**Description of the task**
No line before the one holding "In May 1878, French" is wanted; restate word for word that line and all lines after it to the end of the entries, excluding pictures.

Dataset excerpts:
++++

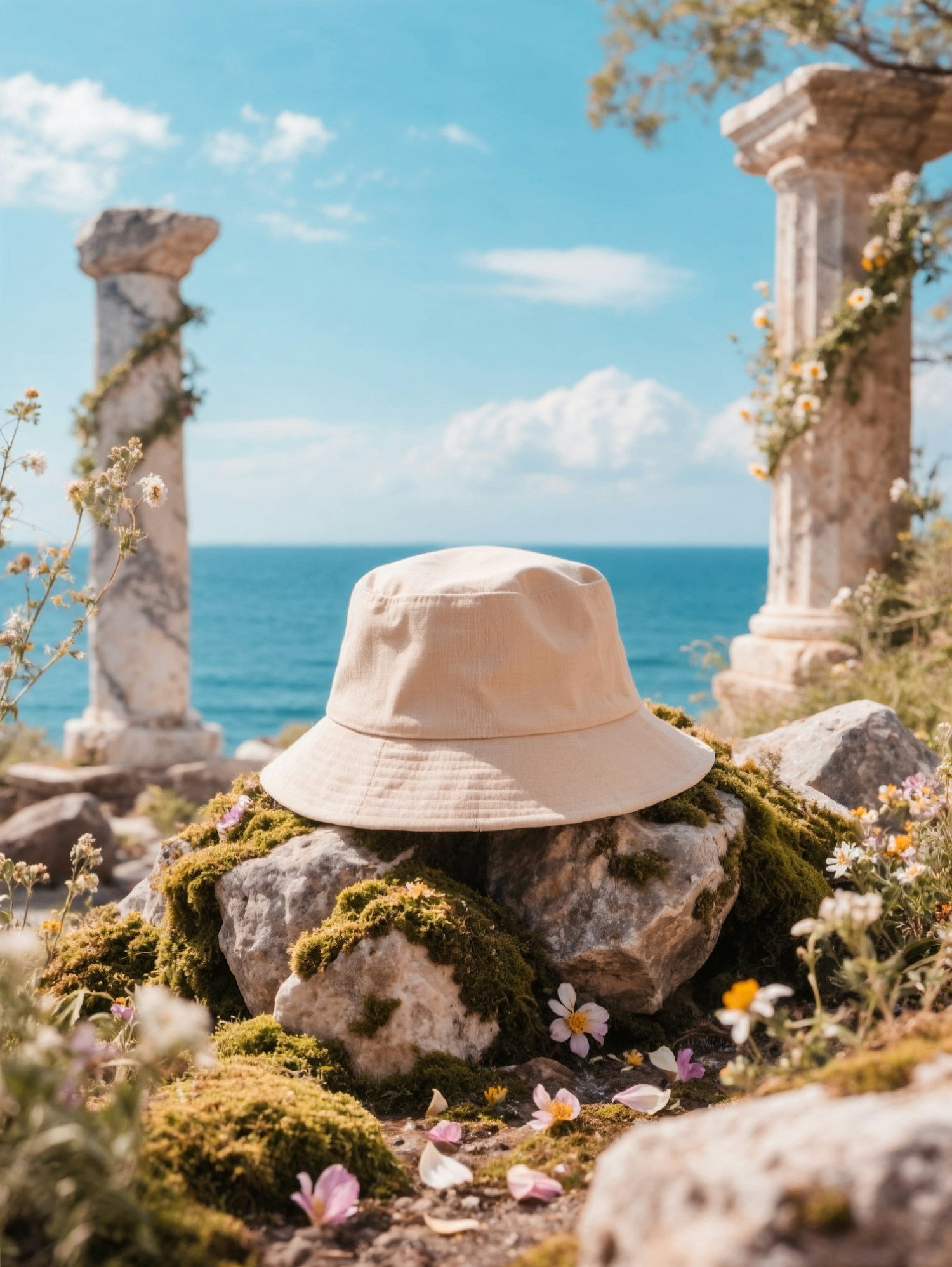 A beige bucket hat on mossy rocks with wildflowers, framed by ancient columns and a stunning ocean backdrop under a clear blue sky.
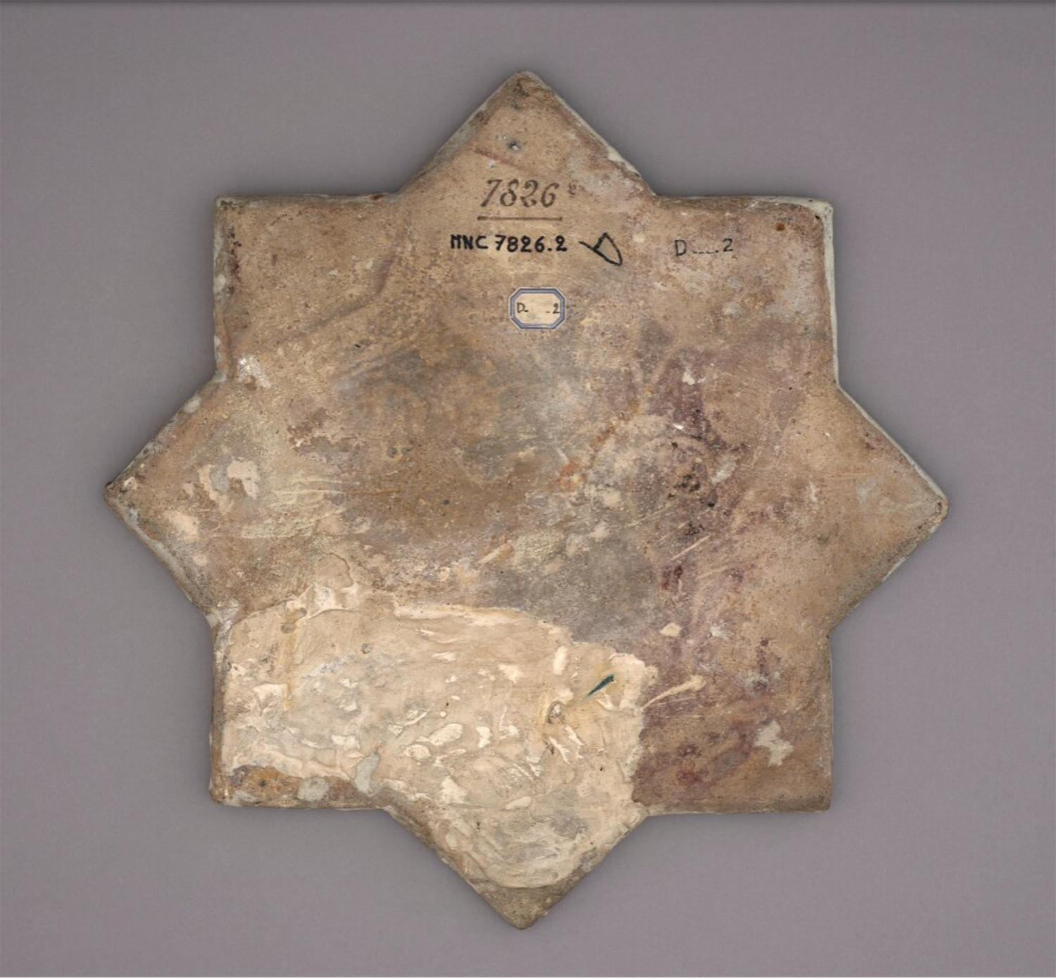 In May 1878, French diplomat Émile-Charles-Henri Bernay (d. 1908) sends a batch of seven star and cross tiles that can be attributed to the Emamzadeh Yahya to the National Museum of Ceramics in Sèvres (figs. 23–24). The tiles are assigned the number 7826, and a March 1880 note ascribed to Bernay in the museum’s inventory book records their provenance:
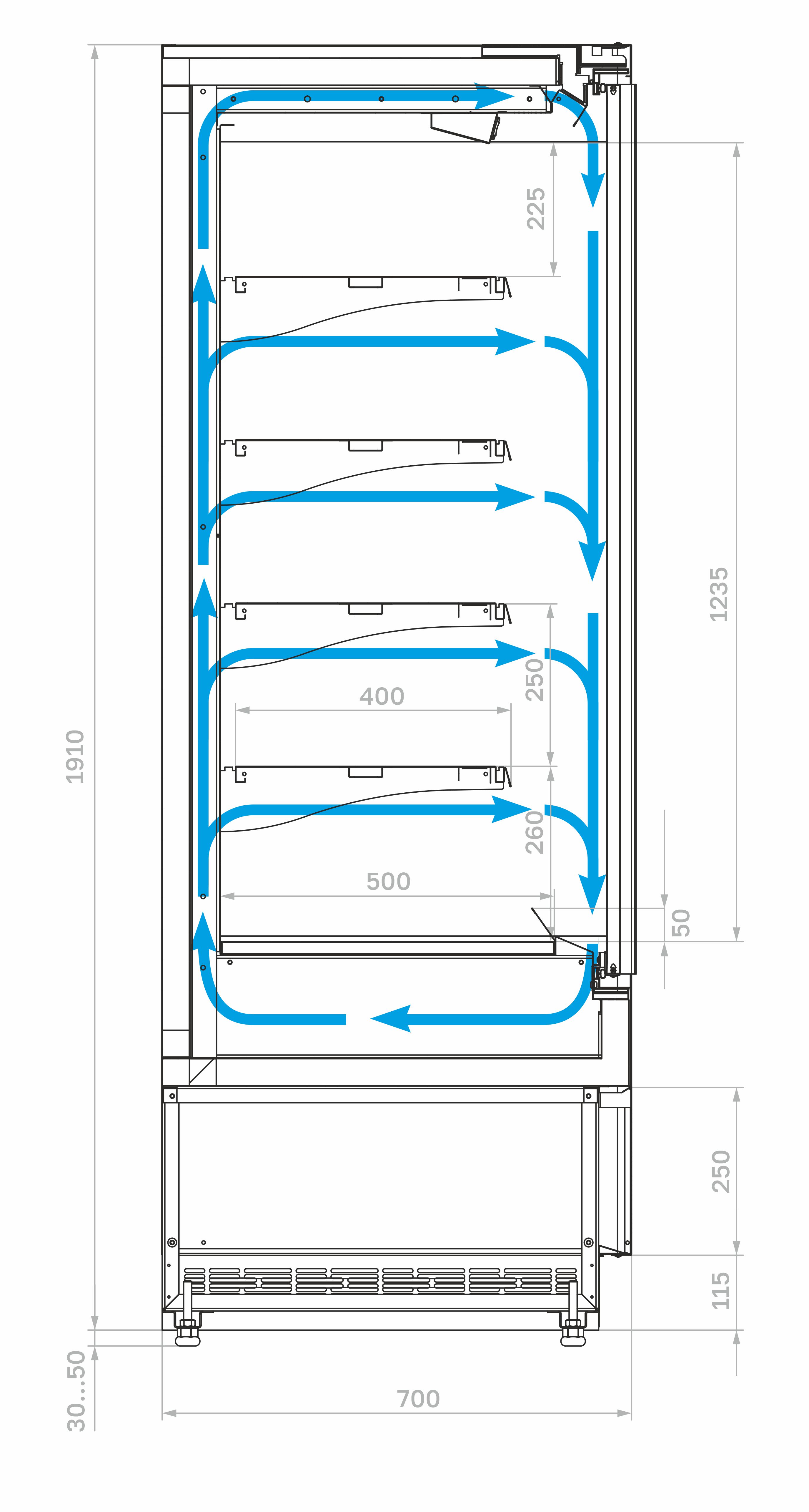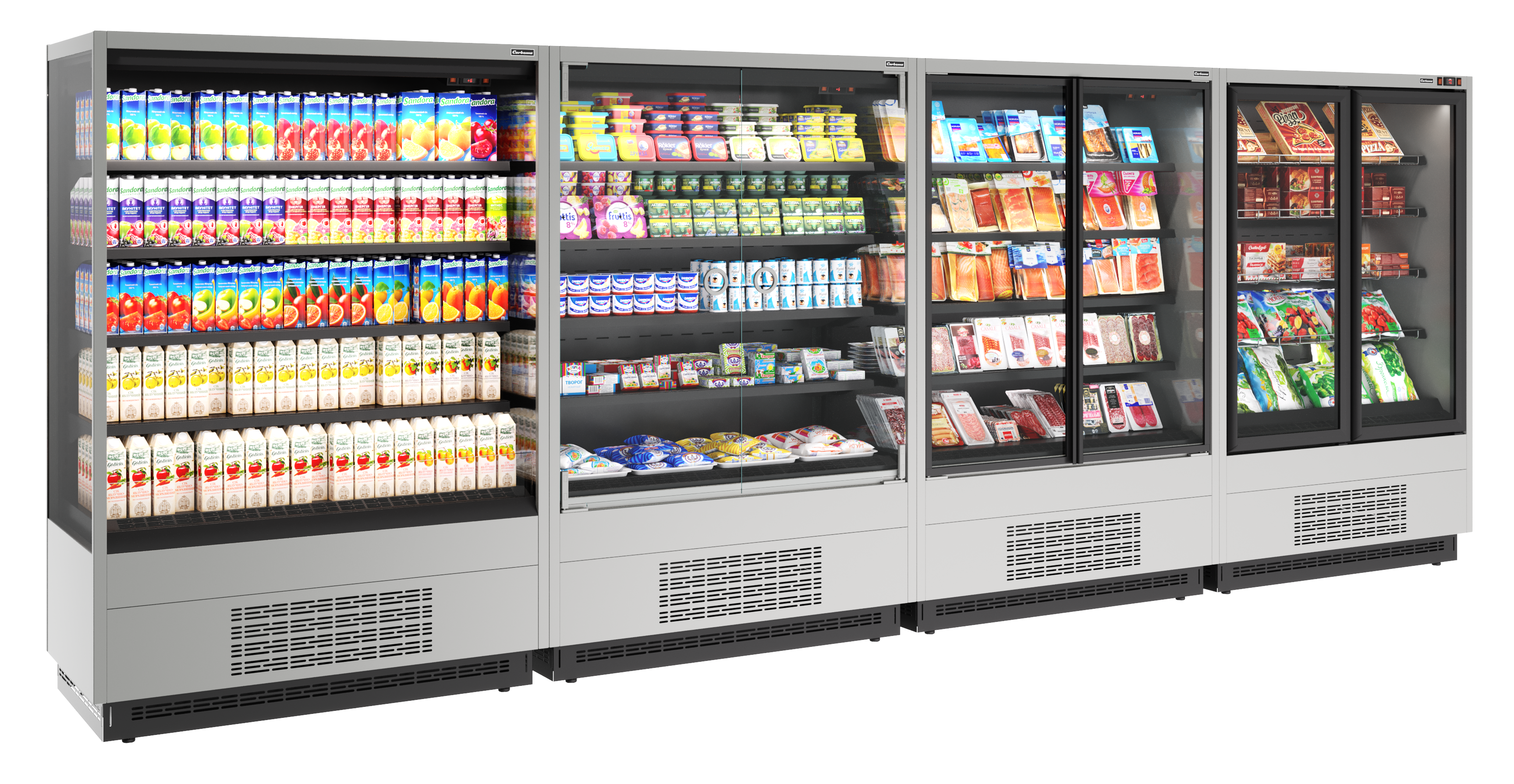 Холодильная горка Carboma FC20-07 VM 0,6-1 0300 LIGHT фронт X0 бок металл (версия 2.0) (9006-9005) позволяет эффективно использовать торговое пространство благодаря компактным внешним размерам и эргономичному кубическому дизайну.
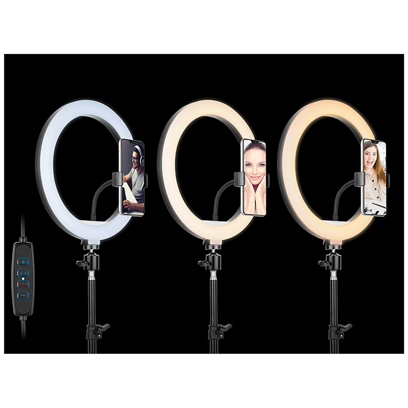 LED lampa sa postoljem, 160 LED dioda, temperatura svjetlosti od 2700 – 7000 K., hladna, topla, neutralna, svaka boja ima 10 razina intenziteta svjetlosti, što ukupno daje 30 različitih varijacija, snaga 14.5 W, 900 – 1700 lumena, fleksibilni držač telefona, napajanje USB kabelom dužine od 200 cm
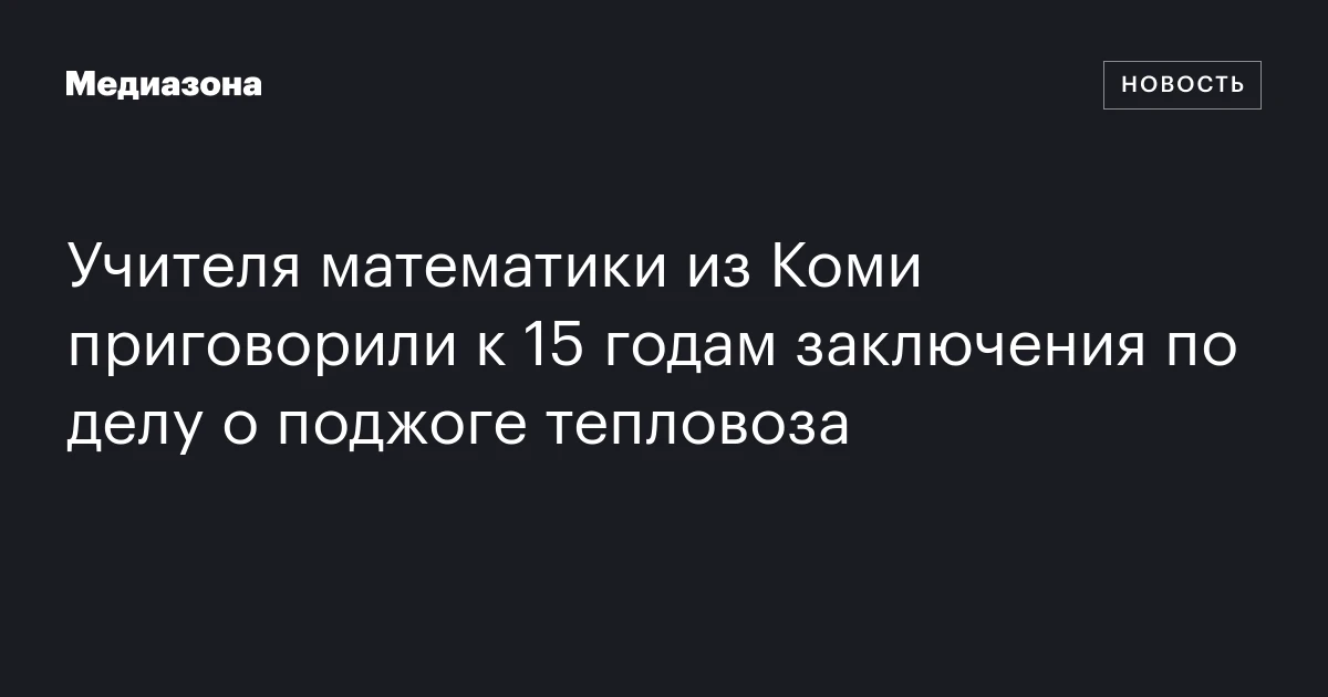 Сергей Лебедев, 24-летний учитель математики из Сыктывкара, осужден на 15 лет за диверсию на железнодорожной станции «Сыктывкар». Согласно решению Верховного суда Республики Коми, Лебедев признан виновным в поджоге тепловоза, что привело к значительным повреждениям.

++++

**Exercise solution**
 In May 1878, French diplomat Émile-Charles-Henri Bernay (d. 1908) sends a batch of seven star and cross tiles that can be attributed to the Emamzadeh Yahya to the National Museum of Ceramics in Sèvres (figs. 23–24). The tiles are assigned the number 7826, and a March 1880 note ascribed to Bernay in the museum’s inventory book records their provenance:
 Холодильная горка Carboma FC20-07 VM 0,6-1 0300 LIGHT фронт X0 бок металл (версия 2.0) (9006-9005) позволяет эффективно использовать торговое пространство благодаря компактным внешним размерам и эргономичному кубическому дизайну.
 LED lampa sa postoljem, 160 LED dioda, temperatura svjetlosti od 2700 – 7000 K., hladna, topla, neutralna, svaka boja ima 10 razina intenziteta svjetlosti, što ukupno daje 30 različitih varijacija, snaga 14.5 W, 900 – 1700 lumena, fleksibilni držač telefona, napajanje USB kabelom dužine od 200 cm
 Сергей Лебедев, 24-летний учитель математики из Сыктывкара, осужден на 15 лет за диверсию на железнодорожной станции «Сыктывкар». Согласно решению Верховного суда Республики Коми, Лебедев признан виновным в поджоге тепловоза, что привело к значительным повреждениям.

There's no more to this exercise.